Dealer Manager Distribution Agreement
The Dealer Manager has entered into an agreement with the Issuer and the Manager called the Managing Broker-Dealer Agreement dated November 14, 2011 in the form attached hereto as Exhibit A (the "Dealer Manager Agreement"). The terms of the Dealer Manager Agreement relating to the Dealer are incorporated herein by reference as if set forth verbatim and capitalized terms not otherwise defined herein shall have the meanings given them in the Dealer Manager Agreement). By your acceptance of this agreement ("Agreement"), you will become one of the Dealers referred to in the Dealer Manager Agreement and will be entitled and subject to the indemnification provisions contained in the Dealer Manager Agreement, including the provisions of the Dealer Manager Agreement wherein the Dealers severally agree to indemnify and hold harmless the Issuer, the Manager, the Dealer Manager and each officer and director thereof, and each person, if any, who controls the Issuer, the Manager or the Dealer Manager within the meaning of the Securities Act of 1933, as amended (the "Securities Act"). Except as otherwise specifically stated herein, all terms used in this Agreement have the meanings provided in the Dealer Manager Agreement. The Common Shares are offered solely through broker-dealers who are members of the Financial Industry Regulatory Authority ("FINRA").

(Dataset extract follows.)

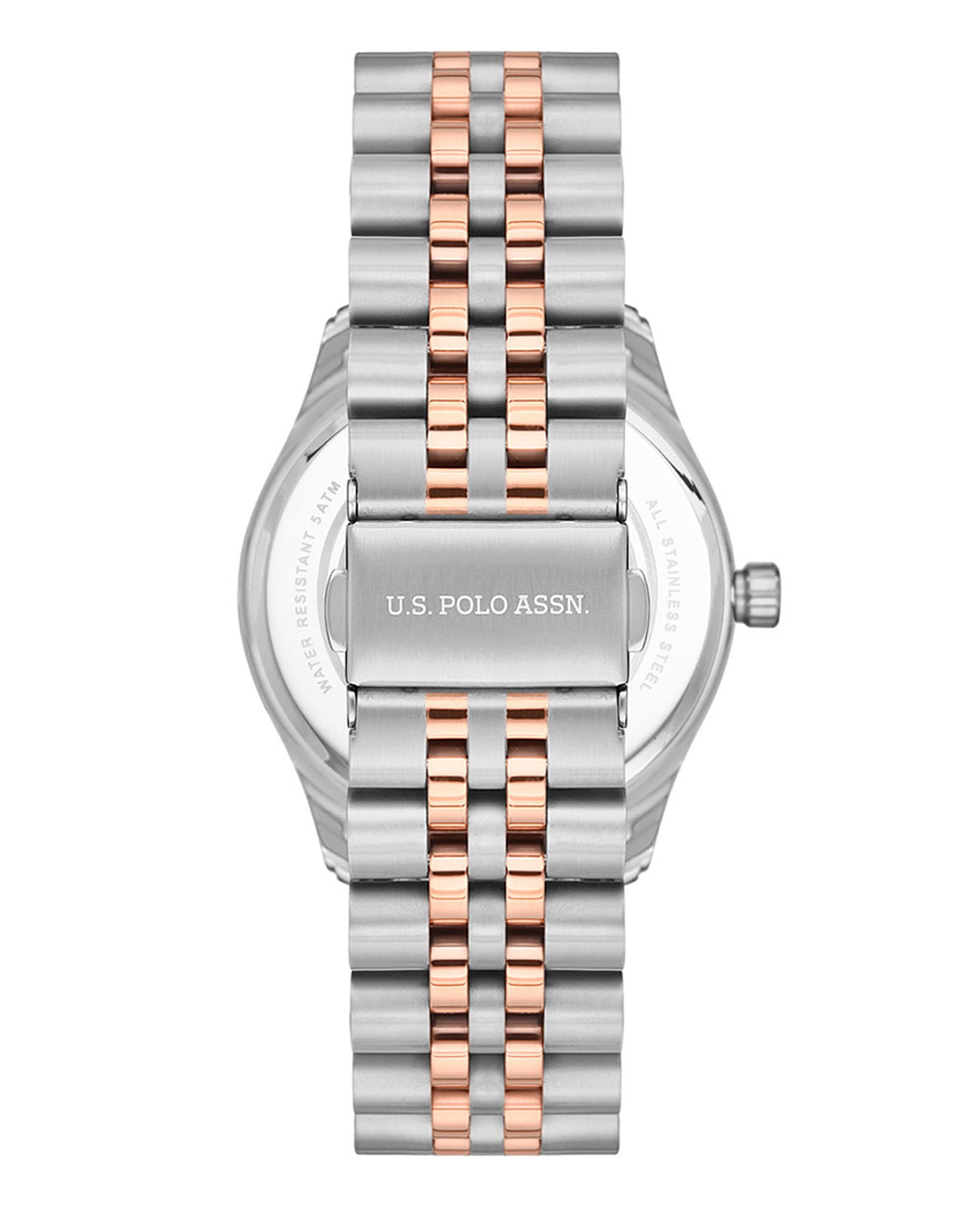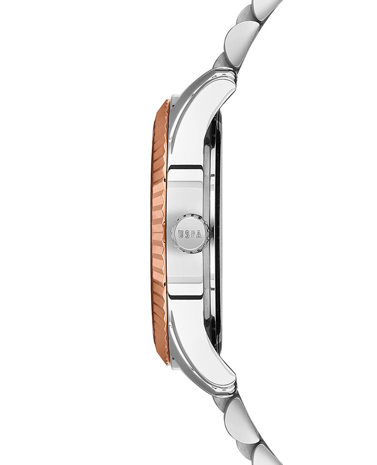 Женские часы U.S. Polo Assn Stile USPA2028-02, кварцевый механизм с высокой точностью. Минеральное стеклоМинеральное стеклоМинеральное стекло представляет собой искусственно выращенный минерал кварца. Такое стекло отличается особой устойчивостью к повреждениям и царапинам. Уступает по некоторым качествам сапфировому стеклу. устойчивое к появлению царапин, обладающее высокой прозрачностью. Корпус часов изготовлен из нержавеющей стали. БезельБезельВнешний ободок, закрепляющий стекло. В спортивных часах так называется поворотное кольцо с делениями на циферблате, выполняет роль таймера – замеряет отрезки времени на шкале. Неподвижный безель – элемент декора. Однонаправленно вращающийся безель на дайверских часах позволяет фиксировать моменты погружения и выныривания на поверхность. с IP-покрытиемIP-покрытиеМетод ионного напыления. Демонстрирует повышенную устойчивость к истиранию, окислению и химическим веществам. Под воздействием высокого давления и температуры около 1500°C молекулы металла надёжно соединяются с частицами корпуса часов.. Стрелки с люминесцентным покрытиемЛюминесцентное покрытиеПозволяет считывать показания времени в темноте. Производители наносят на стрелки, часовые индексы, безель или поверхность циферблата светонакопительный состав, дающий холодное свечение.. Класс водозащиты: 50 метров, позволит защитить корпус от случайных брызг или капель дождя. Стальной браслет с частичным  IP-покрытиемIP-покрытиеМетод ионного напыления. Демонстрирует повышенную устойчивость к истиранию, окислению и химическим веществам. Под воздействием высокого давления и температуры около 1500°C молекулы металла надёжно соединяются с частицами корпуса часов. на раскладной застёжкеРаскладная застёжкаТакой тип застёжки используется только на браслетах из металла. Она никогда не раскрывается полностью, происходит разделение на 2 и более частей. Раскладывающая застёжка снизит вероятность потери часов к минимуму..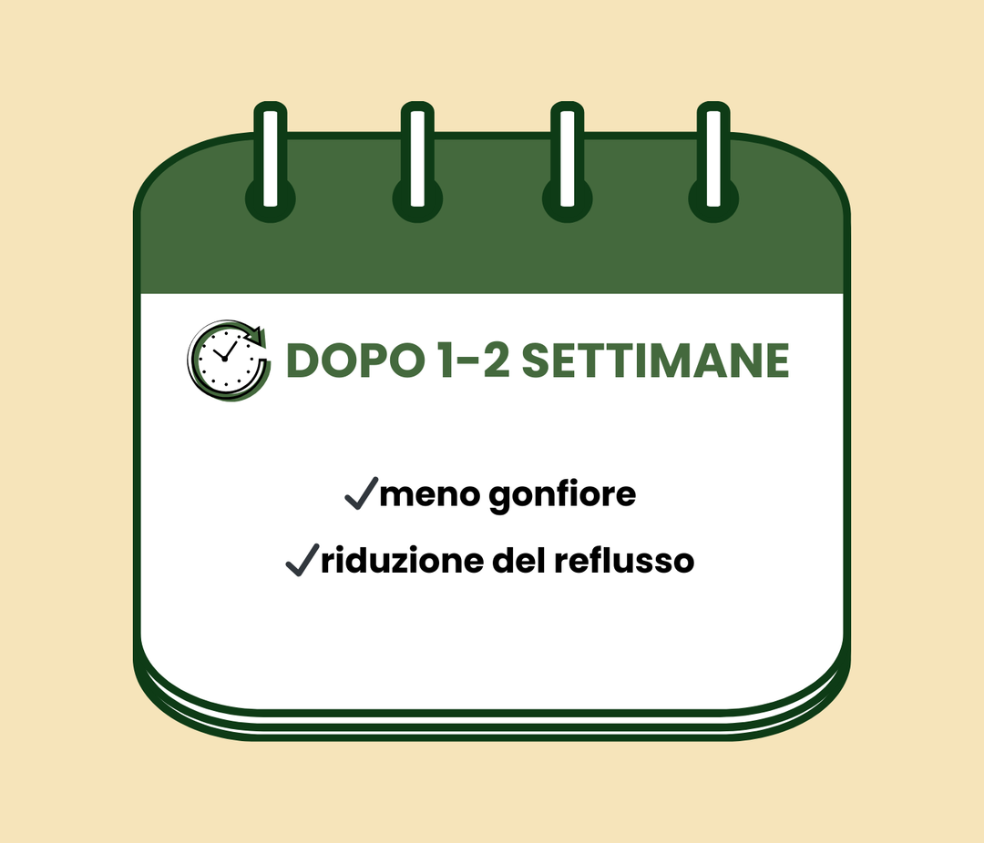 Ho quasi finito la prima scatola! Si sta rivelando utilissimo. Mi toglie immediatamente l'acido dalla bocca e anche lo stomaco sta meglio. Ancora non posso togliere l omeprazolo serale perch� il mio reflusso � molto forte, ma sto indubbiamente meglio. Grazie!

Dealer hereby agrees to use its best efforts to sell the Common Shares for cash on the terms and conditions stated in the Prospectus. Nothing in this Agreement shall be deemed or construed to make Dealer an employee, agent, representative or partner of the Dealer Manager or of the Issuer, and Dealer is not authorized to act for the Dealer Manager or the Issuer or to make any representations on their behalf except as set forth in the Prospectus and such other printed information furnished to Dealer by the Dealer Manager or the Issuer to supplement the Prospectus ("supplemental information").
II.
Submission of Orders
Those persons who purchase Common Shares pursuant to the Offering will be instructed by the Dealer to make their checks payable to U.S. Bank, Escrow Agent for Medical Hospitality Group, Inc. and such checks will be promptly deposited into the escrow account established by the Issuer and Dealer Manager. Any Dealer receiving a check not conforming to the foregoing instructions shall return such check directly to such subscriber not later than the end of the next business day following its receipt. Checks received by the Dealer which conform to the foregoing instructions shall be transmitted for deposit pursuant to one of the methods in this Article II. The Dealer Manager may authorize Dealer if Dealer is a "$250,000 broker-dealer" to instruct its customers to make its checks for Common Shares subscribed for payable directly to the Dealer, in which case the Dealer will collect the
proceeds of the subscriber's checks and issue a check made payable to the order of the escrow agent for the aggregate amount of the subscription proceeds. Transmittal of received investor Issuers will be made in accordance with the following procedures:
(a)
If a Dealer conducts its internal supervisory procedures at the location where subscription documents and checks are initially received, the Dealer shall forward (i) the subscription documents to the Dealer Manager and (ii) the checks to the escrow agent by noon of the next business day following receipt of the subscription documents and the check.
(b)
If the internal supervisory procedures are to be performed at a different location (the "Final Review Office"), the subscription documents and check must be transmitted to the Final Review Office by the end of the next business day following receipt of the subscription documents and check by the Dealer. The Final Review Office will, by the next business day following receipt of the subscription documents and check, forward both the subscription documents and check to the Dealer Manager as processing broker-dealer in order that the Dealer Manager may complete its review of the documentation and process the subscription documents and check.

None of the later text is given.